Der Nachbar warf den noch glühenden Zigarettenstummel in den öffentlichen Raum und teilte mir mit, daß er der Etruskerin die Zigarette natürlich nicht mißgönne, woher denn auch, das Handy aber wohl. Denn werde auf der Welt nicht ohnehin genug telefoniert? Selbst wenn man berücksichtige, selbst wenn man in Rechnung stelle, daß gefühlte 80 Prozent des Telefonieaufkommens der Welt auf das Konto der Etruskerin gehe, und weitere geschätzte 79,83 Prozent auf das Konto des Etruskers, selbst wenn man diese aus den Fingern gesogenen 95,97 Prozent von der Welttelefonie abziehe, dann werde immer noch genug telefoniert auf der Welt.

So daß es die Telefoniererei durch die Etruskerin eigentlich nicht brauche.

Was aber die Vielzahl der Automobile angehe - auch an einem Tag, an dem von den 3,6 Millionen in Etruskien registrierten Autos gelogene 8 Millionen im Wald unterwegs seien, bevölkere in etwa dieselbe Menge nach wie vor die Straßen, und parke insbesondere vor den Friseurläden -, so begünstige die Geographie des Etruskerlandes das unsinnige Herumfahren objektiv, indem nämlich die Städte und Dörfer alle oben auf den Bergen lägen. Damit aber werde das Prinzip der Kosmischen Faulheit, ein Prinzip, das dem Nachbarn mindestens ebenso teuer sei wie die Natürliche Ordnung der Dinge - zu der es, nebenbei bemerkt, gehöre - und das besage, daß ein sich selbst überlassener Gegenstand seinen Weg von hier nach da stets so wähle, daß zu seiner Bewältigung möglichst wenig Arbeit anfalle, dieses Prinzip werde von der Infrastruktur des Etrurats mit Füßen getreten. ‚Von hier nach da‘ heiße dort ‚über die Berge‘, und zwar über alle Berge, wodurch die Charakterisierung San Gimignanos als ‚einer Stadt, die man gesehen haben müsse‘, eine Bedeutungsverschiebung erfahre, hin zu ‚einer Stadt, an der man nicht vorbeikomme‘.
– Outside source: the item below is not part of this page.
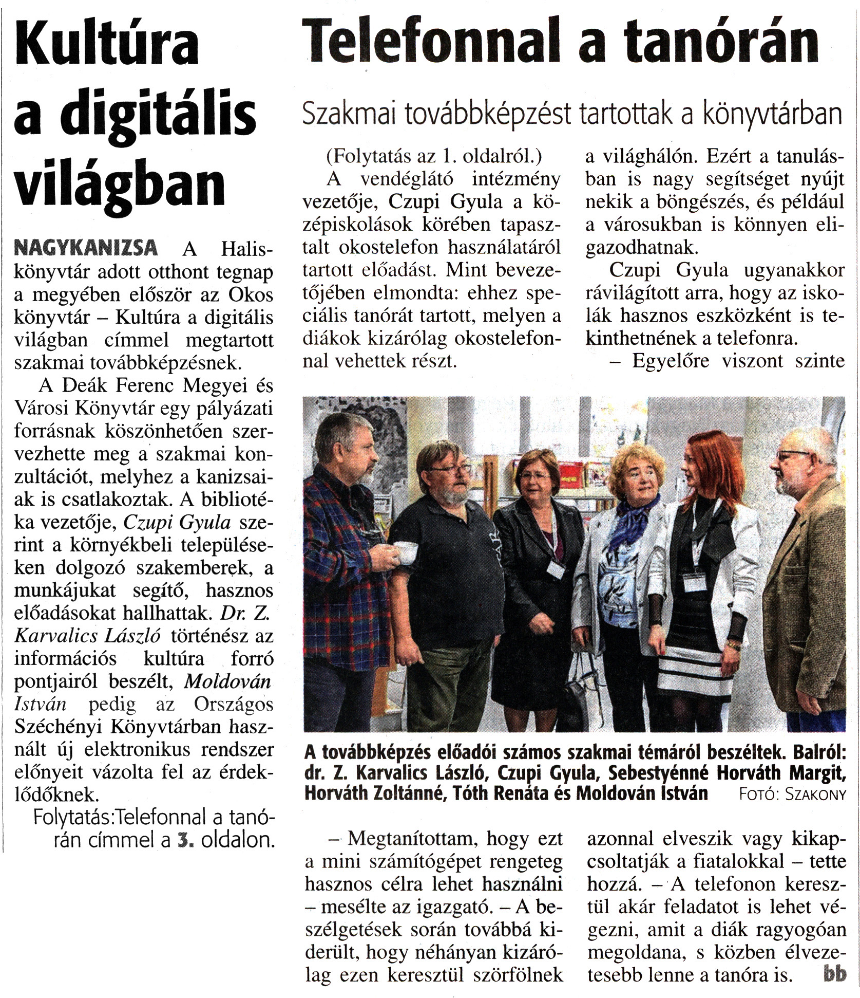 Nyilvános 2049 | 3565 | Zalai Hírlap 2017. november 21. 271. szám 1, 3. oldal | Kultúra a digitális világban NAGYKANIZSA A Halis könyvtár adott otthont tegnap a megyében először az Okos könyvtár - Kultúra a digitális világban címmel megtartott szakmai továbbképzésnek. A Deák Ferenc Megyei és Városi Könyvtár egy pályázati forrásnak köszönhetően szervezhette meg a szakmai konzultációt, melyhez a kanizsaiak is csatlakoztak. A bibliotéka vezetője, Czupi Gyula szerint a környékbeli településeken dolgozó szakemberek, a munkájukat segítő, hasznos előadásokat hallhattak. Dr. Z. Karvalics László történész az információs kultúra forró pontjairól beszélt, Moldován István pedig az Országos Széchényi Könyvtárban használt új elektronikus rendszer előnyeit vázolta fel az érdeklődőknek. Folytatás:Telefonnal a tanórán címmel a 3. oldalon. A továbbképzés előadói számos szakmai témáról beszéltek. Balról: dr. Z. Karvalics László, Czupi Gyula, Sebestyénné Horváth Margit, Horváth Zoltánné, Tóth Renáta és Moldován István Fotó: Szakony Telefonnal a tanórán Szakmai továbbképzést tartottak a könyvtárban (Folytatás az 1. oldalról.) A vendéglátó intézmény vezetője, Czupi Gyula a középiskolások körében tapasztalt okostelefon használatáról tartott előadást. Mint bevezetőjében elmondta: ehhez speciális tanórát tartott, melyen a diákok kizárólag okostelefonnal vehettek részt. - Megtanítottam, hogy ezt a mini számítógépet rengeteg hasznos célra lehet használni - mesélte az igazgató. - A beszélgetések során továbbá kiderült, hogy néhányan kizárólag ezen keresztül szörfölnek a világhálón. Ezért a tanulásban is nagy segítséget nyújt nekik a böngészés, és például a városukban is könnyen eligazodhatnak. Czupi Gyula ugyanakkor rávilágított arra, hogy az iskolák hasznos eszközként is tekinthetnének a telefonra. - Egyelőre viszont szinte azonnal elveszik vagy kikapcsoltatják a fiatalokkal - tette hozzá. - A telefonon keresztül akár feladatot is lehet végezni, amit a diák ragyogóan megoldana, s közben élvezetesebb lenne a tanóra is. bb |

Was auch stimme. Und wenn es nicht San Gimignano sei, dann sei es halt irgendein anderes Bergdorf, durch das man müsse, wenn man von A nach B wolle. Dabei falle naturgemäß jede Menge Arbeit an, die zu bewältigen der sich selbst überlassene Etrusker und die sich selbst überlassene Etruskerin, die dem Gesetz der Kosmischen Faulheit ja schließlich auch unterworfen seien, verständlicherweise aufs Auto zurückgriffen.

Nur daß die ganze schöne Arbeit letztlich für die Katz sei. Denn in B angelangt, stelle man enttäuscht fest, daß es dort doch nur wieder auf etruskische Gastronomie hinauslaufe, und man, was das angehe, auch in A hätte bleiben können.

Wie auch das Fest des Onkel Mischuk und der ganze mörderische Aufwand der Wildschweinhatz letztlich umsonst seien und zu nichts Gescheitem führten.

Denn beides ende am Ende doch nur wieder in der italienischen Küche.